Un passo silenzioso nella governance: Annalisa Santucci vicepresidente del Biotecnopolo di Siena

Siena (giovedì, 18 dicembre 2025) — Al Biotecnopolo di Siena si aggiunge un tassello che non fa clamore, ma pesa. Il Consiglio di amministrazione della Fondazione ha scelto Annalisa Santucci come vicepresidente, inserendo una figura di solida esperienza scientifica in una fase in cui le parole chiave non sono più avvio e promessa, ma consolidamento e responsabilità.

di Valeria Russo

Il Biotecnopolo sta attraversando un momento delicato e decisivo insieme.
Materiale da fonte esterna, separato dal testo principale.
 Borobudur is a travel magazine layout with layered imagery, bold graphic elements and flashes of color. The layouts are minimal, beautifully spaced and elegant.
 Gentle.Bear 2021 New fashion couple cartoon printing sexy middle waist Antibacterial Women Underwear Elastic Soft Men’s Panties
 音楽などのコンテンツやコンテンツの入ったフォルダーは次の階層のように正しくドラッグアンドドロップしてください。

Le linee di ricerca prendono forma, le collaborazioni si allargano oltre i confini nazionali, il ruolo nel campo della prevenzione e della sicurezza sanitaria si fa via via più riconoscibile nel panorama italiano ed europeo. In questo scenario, la governance diventa un esercizio di equilibrio: tenere insieme visione, rigore scientifico e capacità di costruire relazioni durature.
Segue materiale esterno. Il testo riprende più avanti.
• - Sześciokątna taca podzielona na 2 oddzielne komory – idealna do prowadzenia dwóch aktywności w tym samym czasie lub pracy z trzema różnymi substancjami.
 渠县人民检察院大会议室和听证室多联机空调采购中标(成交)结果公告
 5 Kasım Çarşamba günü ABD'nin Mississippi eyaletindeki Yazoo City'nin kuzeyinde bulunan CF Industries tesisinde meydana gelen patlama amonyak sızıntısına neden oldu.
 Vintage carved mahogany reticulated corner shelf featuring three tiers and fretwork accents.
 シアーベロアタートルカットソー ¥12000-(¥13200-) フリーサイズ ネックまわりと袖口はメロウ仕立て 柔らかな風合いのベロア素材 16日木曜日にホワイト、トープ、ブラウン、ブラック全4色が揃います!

La nomina di Santucci va letta proprio in questa direzione. Una scelta che rafforza l’architettura della Fondazione e ne accompagna la crescita senza strappi, affidandosi a una competenza maturata nel tempo e a una conoscenza profonda dei meccanismi della ricerca e della formazione. Il presidente Marco Montorsi ha indicato con chiarezza il senso del percorso intrapreso: far crescere il Biotecnopolo con serietà, evitando scorciatoie, e trasformarlo in un punto di riferimento stabile, credibile, capace di parlare al mondo scientifico internazionale senza perdere radicamento.
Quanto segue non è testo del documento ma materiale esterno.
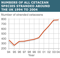 So here's my take on it; it's a protest. Now hang on a moment, don't write this off without thinking about it! Whales and dolphins have been shown to be very sociable animals, and social interaction indcates intelligence. It's an intelligence that we do not understand as humans and we have no way to communicate with them. Sure we can teach them a few tricks but that's not meaningful conversation. So given that these creatures are intelligent, what does an intelligent animal do when faced with a problem? It indicates to others what is going on. What is the problem? well one big problem is going to be lack of food, we humans are over-fishing all areas of the sea around the world. We are also polluting the seas and destroying natural habitats such as coral reefs. This will not only have an effect on the creatures that eat the same fish that we do, but will also upset the whole ecosystem. The whales and other large sea mammals are living in a sea that is very different from how it has been for thousands of years. They were in balance with their world, but that has changed. We have changed it. So given that there is a problem, and that those facing it are intelligent, what does an intelligent creature do? When humans collectively dislike something that is going on, we protest. That protest could take many shapes or forms, as we understand many types. One of the nastiest kind of protests is in a prison situation, where people go on hunger strike. They feel that this is the only way to get some attention. without the ability to talk something over, a display of life and death is often the only way to get noticed. How do the iraqi people get attention to their cause? They kill a few westerners. People also have a habbit of offering their own deaths so that it may carry a message, martyrdom is common throughout our history. Death it seems is a good indicator that something is very wrong with the status quo. Looking at the whales I have to make one assumption; they are intelligent, then the rest falls into place. The sea has become a prison for them, and they are unhappy with it's condition. They see us rightfully as the cause of the problem. So how can they tell us that they have a problem? They beach themselves and die in protest. Why aren't people interpreting their sacrifice? I think it's primarily because we don't see them as intelligent. If we did, we'd try to interpret their act. So scientists look for scientific reasons rather than social ones. If a bunch of humans deceided to all kill themselves to prove a point, we'd interpret it as a message, not a problem with the weather conditions, navigational errors, un-natural herding, foolishly chasing prey, or electronic equiptment messing with their brains. There would be no reason for humans to intentionally stick a knife in their cheast so there can't be a reason for whale to intentionally beach themselves. But wait; humans do this, time and time again humans kill themselves to make a point. We are amazing at deluding ourselves! So what will it take for the whales to get noticed, what will it take for us to see that they are trying to tell us something? Nothing short of a global beaching, if all the whales in all the world beached at the same time across the globe, surely that would be interpreted as a message, and we wouldn't just help them back into the sea thinking it was a mistake?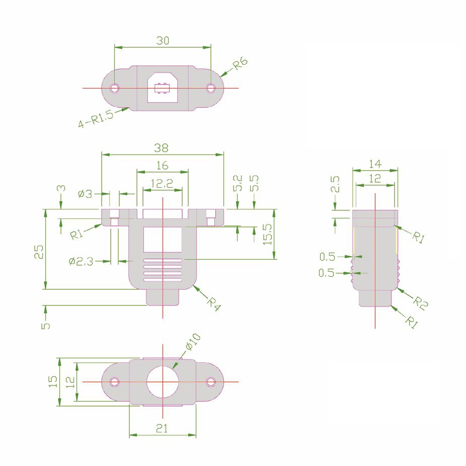 - Connexion 1 : USB 2.0 B femelle à visser (avec 2 écrous UNC 4-40 encastrés)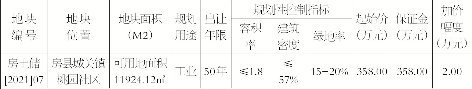 2、本次出让的宗地以现状条件出让,房土储〔2021〕07号宗地由房县城关镇人民政府负责交地。

La Fondazione prosegue così il suo cammino di consolidamento istituzionale, con l’obiettivo dichiarato di sostenere una ricerca di eccellenza che non resti chiusa nei laboratori, ma diventi parte integrante del sistema della salute pubblica. Un progetto che guarda lontano, ma che richiede attenzione quotidiana, scelte ponderate e una cura particolare per chi quella ricerca la porta avanti, spesso in silenzio.

Nel suo nuovo ruolo, Annalisa Santucci porta un’idea chiara di impegno e responsabilità. L’esperienza accademica e scientifica diventa strumento per rafforzare le attività già in corso e per sostenere, con uno sguardo attento, le nuove generazioni di ricercatori. È lì che si gioca una parte essenziale del futuro del Biotecnopolo: nella capacità di essere non solo un centro di innovazione, ma anche un luogo in cui il talento trova spazio, tempo e fiducia.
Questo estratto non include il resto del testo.